On that background a Danish project group with participants from the Centre for Cold War Studies, University of Southern Denmark (Thomas Wegener Friis), Roskilde University (Chris Holmsted Larsen), The Royal Library (Morten Møller), and The Workers' Museum & ABA (Jesper Jørgensen) in 2010 prepared a collecting and research project on the Danes in the Comintern. Fortunately, the project was granted economic support from the Danish Carlsberg Foundation. Yet we could not have started without some indications about a chance to realise the project – which we got through the help from the Ludwig Boltzmann Institut für Kriegsfolgen-Forschung in Graz, Austria. Since many years the institute maintains a close cooperation with the Russian State Archive of Social and Political History (RGASPI) which mainly holds pre-1952 archives of the Communist Party of the Soviet Union, including the Comintern Archives, and with the Russian State Archive of Contemporary History (RGANI), which mainly holds post-1952 communist archives.

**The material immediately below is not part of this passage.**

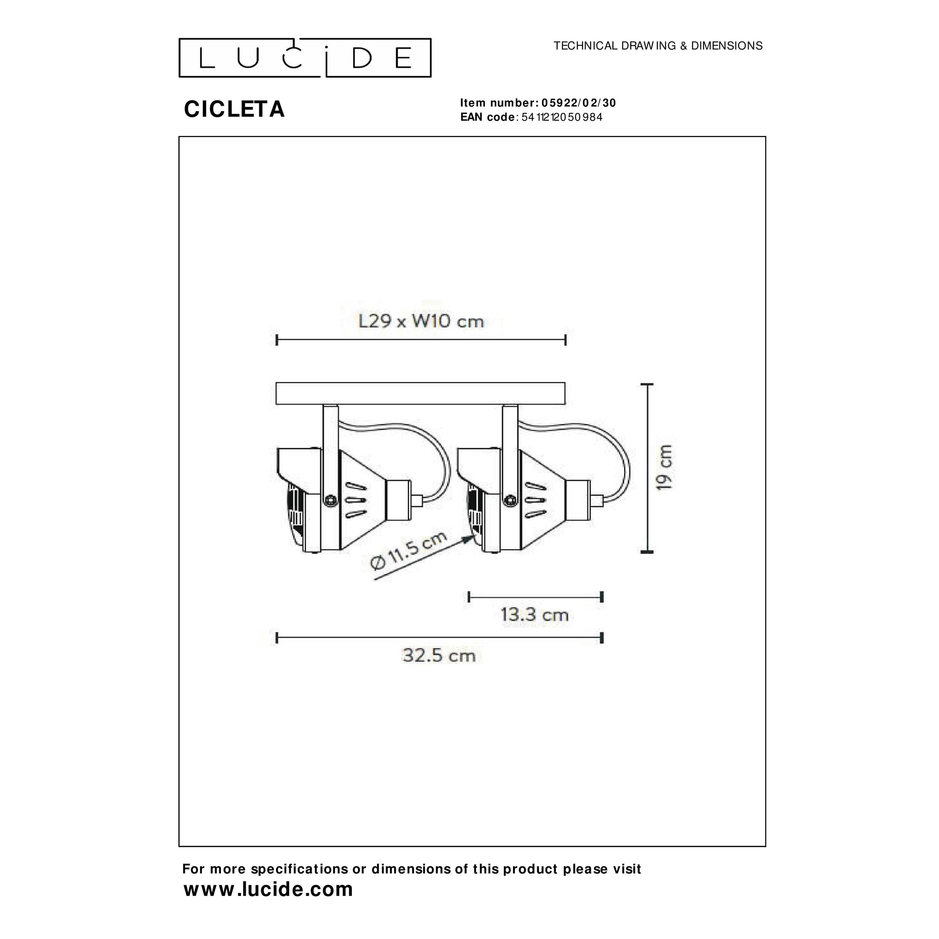 Double trouble of twee keer zoveel plezier? Deze plafondspot genaamd Cicleta is zonder twijfel het tweede. De industriële spotjes zijn volledig richtbaar, zodat je zelf in de verf zet wat je wil. De elegante connectie van de spots aan de bevestigingsplaat houden alle aandacht op het speelse ontwerp van de lichtpunten zelf. Het reliëf in de bolle afdekking, het charmante afschermpkapje aan de bovenkant van de spot en het subtiele snoer: Cicleta combineert het allemaal in stijlvolle verlichting. Unieke productkenmerken: • Geschikt voor toepassing met LED lichtbronnen • Deze lamp is kantelbaar (verticaal) • Eenvoudig aan te sluiten op een dimmer (excl.) • vervaardigd uit hoogwaardig staal Belangrijke productkenmerken: • Verbruik: 2x35W / 230V / Dimbaar (excl.) • Afmetingen: L.32,5 x B.13,5 x H.19 cm • 2 Jaar garantie op het armatuur / Passende lichtbron is EAN: 5411212490667 Waarom Lucide verlichting kopen? Lucide ontwikkelt en produceert sinds haar oprichting in 1992 hoogwaardige en trend zettende lichtoplossingen. Deze 2 elementen zijn de basis voor het toonaangevend assortiment van het in Antwerpen gevestigde bedrijf. Een team van Lucide designers, aangevuld met freelance ontwerpers, ontwikkelen dagelijks tal van nieuwe producten. Innovatieve materiaalkeuze, vormgeving en kleurtoepassing in combinatie met de meest actuele lichttechnologie stelt Lucide daarbij continue centraal.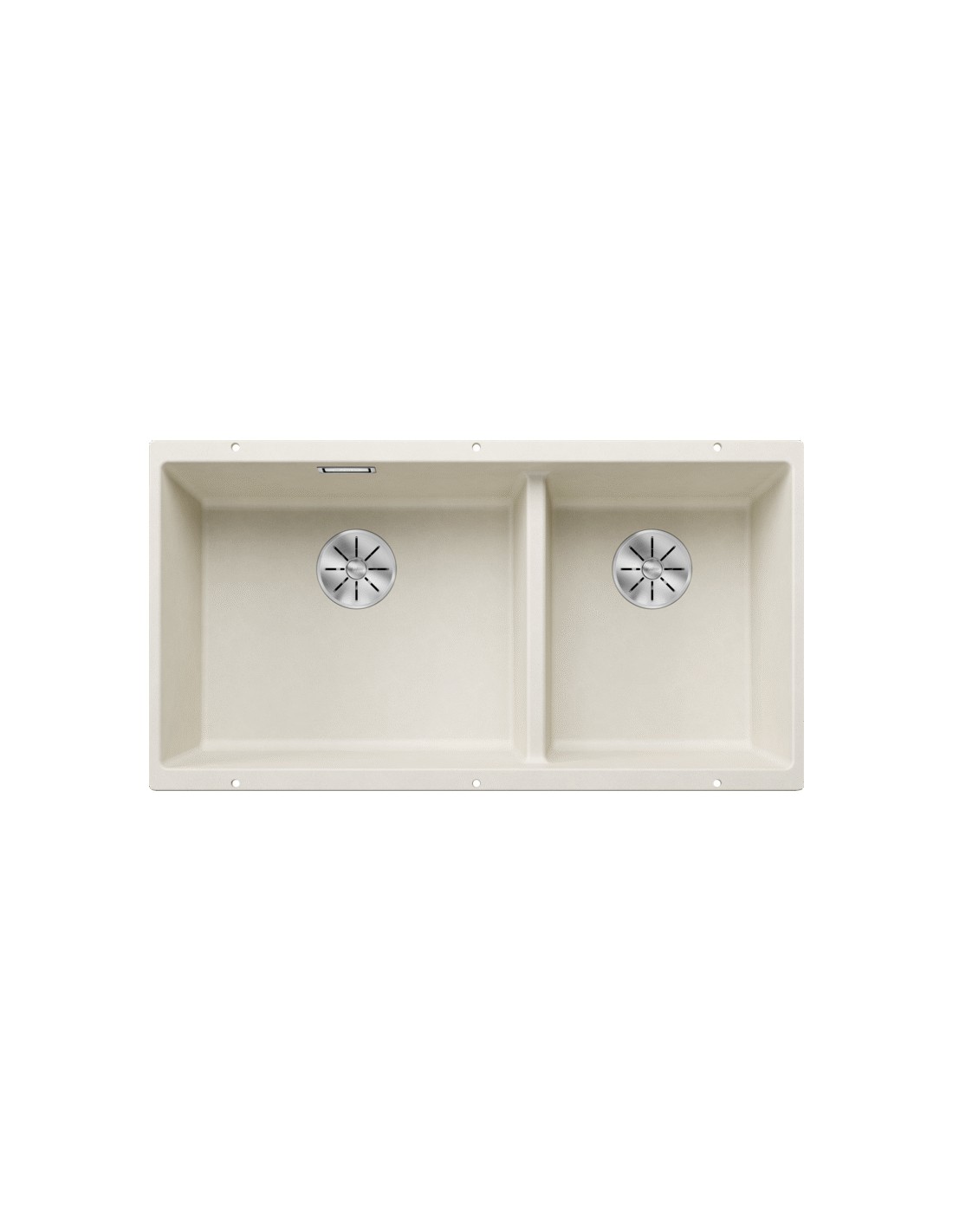 Il lavello a doppia vasca consente di sfruttare maggiormente lo spazio sul top con un solo foro d’intaglio.

In the beginning of 2012 an agreement with RGASPI was signed, and the scanning of the files and the transfer of copies of 402 personal files began (the rest of the 466 dela is either at RGANI or are 'svobodnyi', meaning the numbers are not assigned to real files). In the end of the year the process was successfully brought to an end. The Danish-Russian Archive Project also includes publishing a primary source collection based on the personal files. The publication will include the documents in facsimile, consequently mainly in Russian, German and Danish, and will be published in 2013. As an early result of the project the first Danish- Russian conference on contemporary history since many years was held in September 2011 at the University of Southern Denmark. Researchers from leading archives and universities in Russia and Denmark participated with presentations concerning the Comintern and Danish-Soviet relations. An anthology with the same title based on the conference papers and edited by Jesper Jørgensen, Alexander Chubaryan, Andrei Sorokin and Thomas Wegener Friis was published in December 2012.